Identify features and capabilities of Computer Vision and Image-Generation models (AI-901 Exam Prep)

This post is a part of the AI-901: Microsoft Azure AI Fundamentals Exam Prep Hub. 
This topic falls under these sections:
Identify AI concepts and capabilities (40–45%)
   --> Identify AI workloads
      --> Identify features and capabilities of Computer Vision and Image-Generation models

Note that there are 10 practice questions (with answers and explanations) for each section to help you solidify your knowledge of the material. Also, there are 2 practice tests with 60 questions each available on the hub below the exam topics section.

Computer vision and image-generation AI models are important AI workloads covered in the AI-901 certification exam. Microsoft expects candidates to understand how AI systems analyze visual information and generate new images using machine learning and deep learning technologies.

These AI capabilities are widely used in healthcare, manufacturing, security, retail, entertainment, accessibility, and many other industries.

This topic falls under the “Identify AI workloads” section of the AI-901 exam objectives.

What Is Computer Vision?

Computer vision is an AI workload that enables computers to analyze and interpret images and video.

Computer vision systems attempt to simulate human visual understanding.

These systems can:

Identify objects
Detect faces
Read text
Analyze scenes
Track movement
Recognize patterns

How Computer Vision Works

Computer vision models are typically trained using large collections of labeled images.

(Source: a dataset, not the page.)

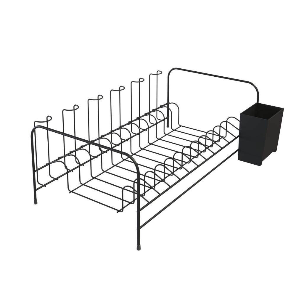 Fabricado em aço carbono com acabamento epóxi preto, porta talheres fabricado em plástico (polipropileno) preto.
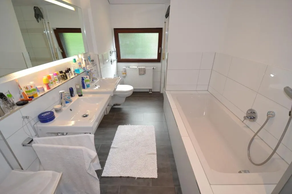 Das halbhoch gefliest Badezimmer ist ausgestattet mit einer Wanne, einer Dusche, einem WC, zwei Waschbecken, einem Waschmaschinenanschluss sowie mit einem Spiegel mit Beleuchtung.

The models learn patterns such as:

Shapes
Colors
Textures
Edges
Spatial relationships

Modern computer vision systems commonly use:

Deep learning
Neural networks
Convolutional Neural Networks (CNNs)

Common Computer Vision Capabilities

For the AI-901 exam, important computer vision capabilities include:

Image classification
Object detection
Facial recognition
Optical Character Recognition (OCR)
Image analysis
Image tagging

Image Classification

Image classification identifies the primary subject or category of an image.

The model assigns labels to entire images.

Image Classification Example

Input

An image of a dog.

Output

“Dog”

Common Use Cases for Image Classification

Medical Imaging

Classifying medical scans.

Retail

Categorizing products automatically.

Agriculture

Identifying plant diseases.

Wildlife Monitoring

Recognizing animal species.

Object Detection

Object detection identifies and locates multiple objects within an image.

Unlike image classification, object detection can identify several objects and their positions.

Object Detection Example

Input

Street traffic image.

Output

Car
Pedestrian
Traffic light

with location boundaries around each object.

Common Use Cases for Object Detection

Autonomous Vehicles

Detecting vehicles and pedestrians.

Manufacturing

Identifying defective products.

Security Systems

Detecting unauthorized activity.

Retail Analytics

Monitoring customer movement in stores.

Facial Recognition

Facial recognition identifies or verifies individuals using facial features.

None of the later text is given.